REQUIRED ACTION: Beginning with the line that contains "Ce filigrane en" and ending with the line that contains "𝗛𝗘𝗔𝗩𝗬 𝗗𝗨𝗧𝗬 𝗖𝗢𝗡𝗦𝗧𝗥𝗨𝗖𝗧𝗜𝗢𝗡: Crafted", reproduce the lines of the entries below exactly, omitting pictures.
━━━ GIVEN INFORMATION
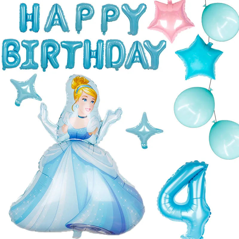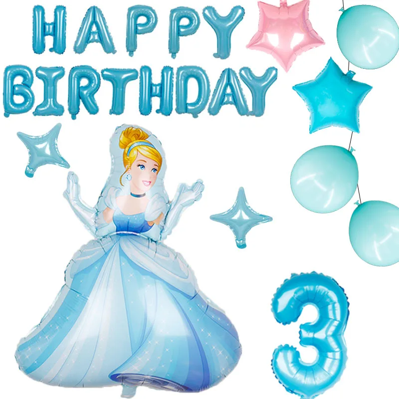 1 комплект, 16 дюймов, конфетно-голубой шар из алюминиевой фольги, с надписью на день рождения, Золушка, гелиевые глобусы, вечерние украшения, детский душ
━━━━━━
━━━ GIVEN INFORMATION
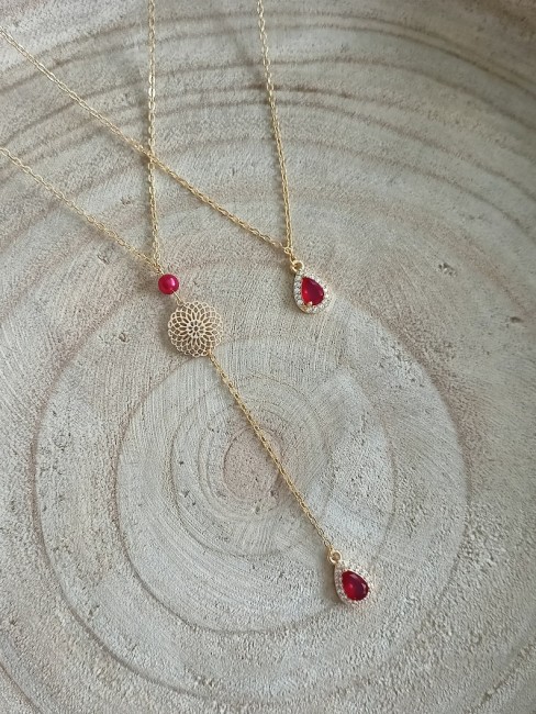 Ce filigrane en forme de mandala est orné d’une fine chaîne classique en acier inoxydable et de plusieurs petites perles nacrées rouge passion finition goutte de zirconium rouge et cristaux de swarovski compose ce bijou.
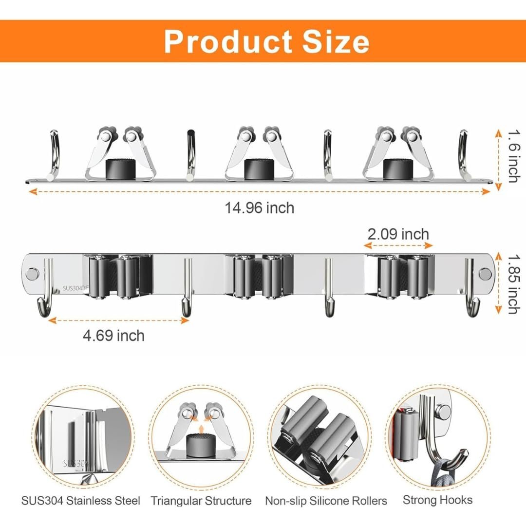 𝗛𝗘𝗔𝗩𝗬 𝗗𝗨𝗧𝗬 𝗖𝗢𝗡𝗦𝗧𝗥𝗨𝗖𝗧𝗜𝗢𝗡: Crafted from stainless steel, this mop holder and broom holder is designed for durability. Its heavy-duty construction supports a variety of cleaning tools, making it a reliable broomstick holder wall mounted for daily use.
━━━━━━
THE COMPLETED TASK:
 Ce filigrane en forme de mandala est orné d’une fine chaîne classique en acier inoxydable et de plusieurs petites perles nacrées rouge passion finition goutte de zirconium rouge et cristaux de swarovski compose ce bijou.
 𝗛𝗘𝗔𝗩𝗬 𝗗𝗨𝗧𝗬 𝗖𝗢𝗡𝗦𝗧𝗥𝗨𝗖𝗧𝗜𝗢𝗡: Crafted from stainless steel, this mop holder and broom holder is designed for durability. Its heavy-duty construction supports a variety of cleaning tools, making it a reliable broomstick holder wall mounted for daily use.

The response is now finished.